Individual players can be and have been prosecuted and/or subjected to disciplinary proceedings and the answer may lie in simply increasing the available penalties for such offences (FIFA’s Disciplinary Code, for example,  provides for a minimum ban of ten matches).

Currently the FA has the power to proceed against clubs for breaching FIFA’s Disciplinary Code, which makes clubs liable for the behaviour of fans even absent any fault on the part of the club. FIFA’s powers include fines, stadium closures, match forfeits and points deductions. The FA’s powers are broadly defined as the power to impose a penalty or other order to be exercised on behalf of the Council as it sees fit.

As part of a wider response to the problems of racism and homophobia, clubs should look to act proactively to minimise the chances of a racist or homophobic incident occurring as well as reacting after an incident has taken place. Football clubs now sign young players of varying standards of education and different cultural beliefs from all parts of the world. Many clubs invest something in the education of their players, including in relation to issues of diversity; however, many do not.

Clauses in contracts may already allow for immediate dismissal if racist or discriminatory behaviour is established. If not, such clauses should become standard. Another potential remedy would be for the FA to take regulatory action against clubs that do not punish players.

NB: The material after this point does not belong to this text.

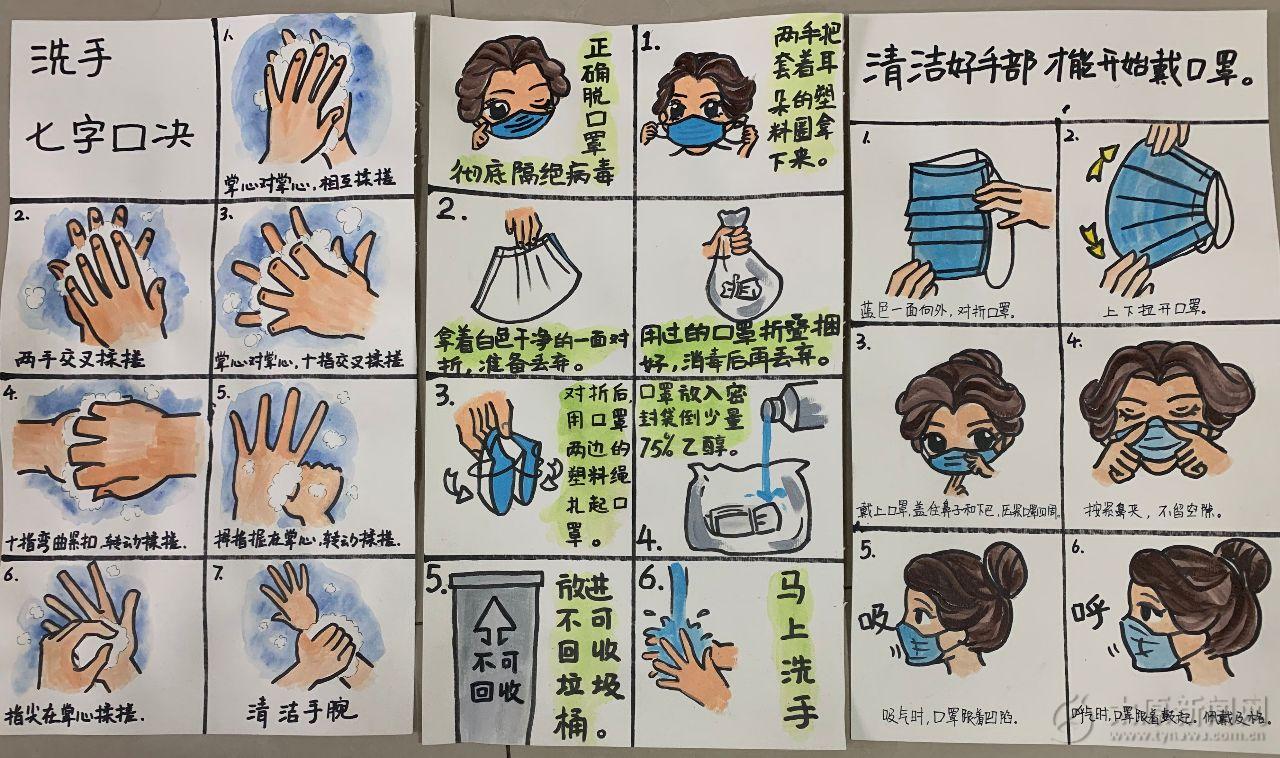 疫情初期,她曾因剛貼上不久的通知被人撕下來扔在地上而感到苦惱,于是想到換一種新的方式來宣傳和提醒社區居民——手繪宣傳圖。為了更有力宣傳防疫知識,她發揮自己的繪畫特長,利用閑余碎片時間,手繪了數十張疫情防控宣傳圖,一筆一劃中有她的思考,也飽含對工作、對群眾熱忱的心。由于圖文并茂、淺顯易懂,吸引了各年齡層的住戶駐足觀看。
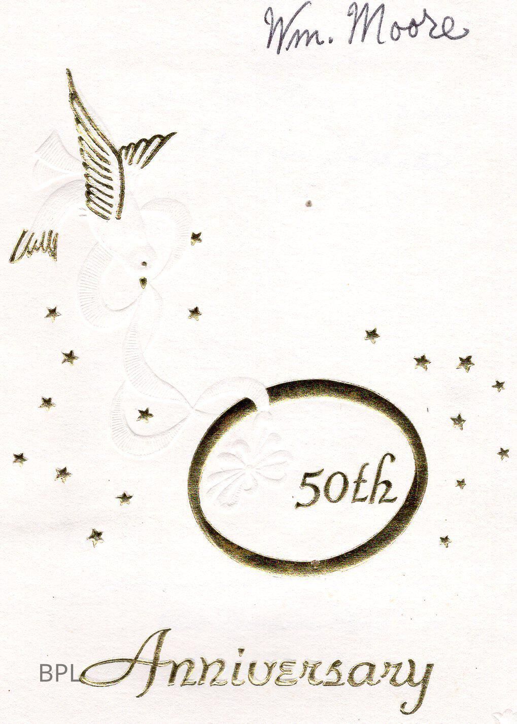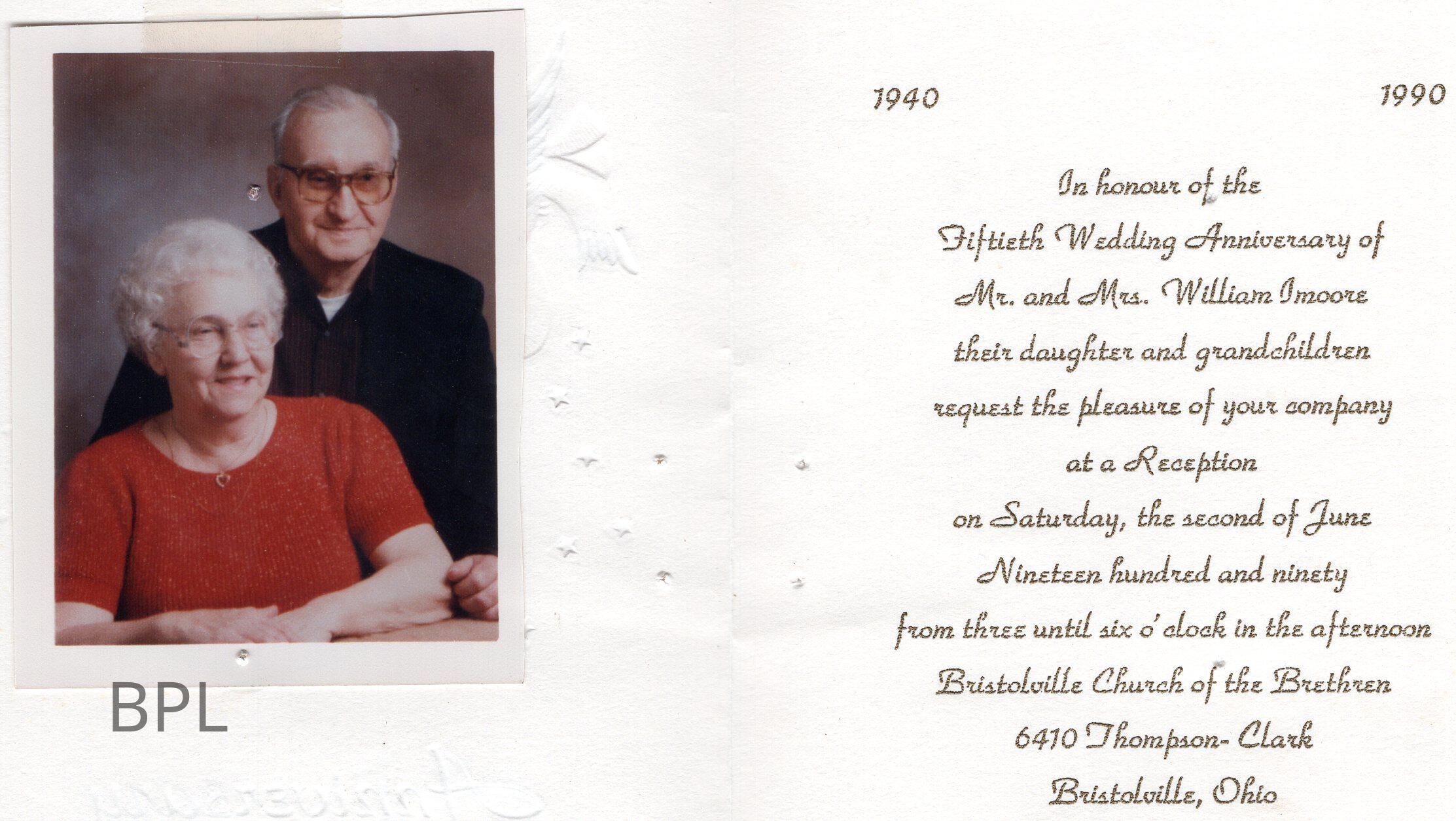 50th wedding anniversary invitation for Mr. and Mrs. William Moore given by daughter and grandchildren, June 2, 1990Cataloged By

A far more complicated issue involves the protection players have against racist abuse from fans. It may be argued that the time has come to impose a far more stringent regime on the clubs so that it becomes very much in their own financial interest to eradicate discriminatory behaviour.

Of course the police have powers to prosecute for public order and other offences. The courts can impose banning orders against individual fans. However, whilst measures such as these work as against the individual, there is considerable doubt, as there is the field of criminal law generally, whether the punishment of one person who has been caught in reality acts as a deterrent to others. Further, as recent events have shown these offences are often difficult to prove.

Therefore, one potential solution may be to impose a specific regulatory burden on clubs to take all reasonable steps to eliminate discriminatory behaviour in their stadia subject to a qualification of reasonable practicability, which could take into account the differing resources of those at various stages of the football pyramid.

It is often said that discrimination is not just football’s problem but a wider societal problem. With that in mind might there be a role for the Health and Safety Executive? The Health and Safety at Work Act 1974 section 2 imposes a burden on all employers to ensure so far as is reasonably practicable the health, safety and welfare of their employees; section 3 imposes a similar burden in relation to non-employees.

Psychological wellbeing is just as much a part of a person’s health and welfare as their physical wellbeing. In health and safety cases there is no need to prove actual harm, it is sufficient to prove that there was at the material time a risk of harm.

This is a wider topic that will form the subject of a more detailed article in the next 2 Hare Court Health and Safety Newsletter.

It is not suggested that the above provides a template to solve the problem of discrimination. It is hoped however it might form the basis for discussion.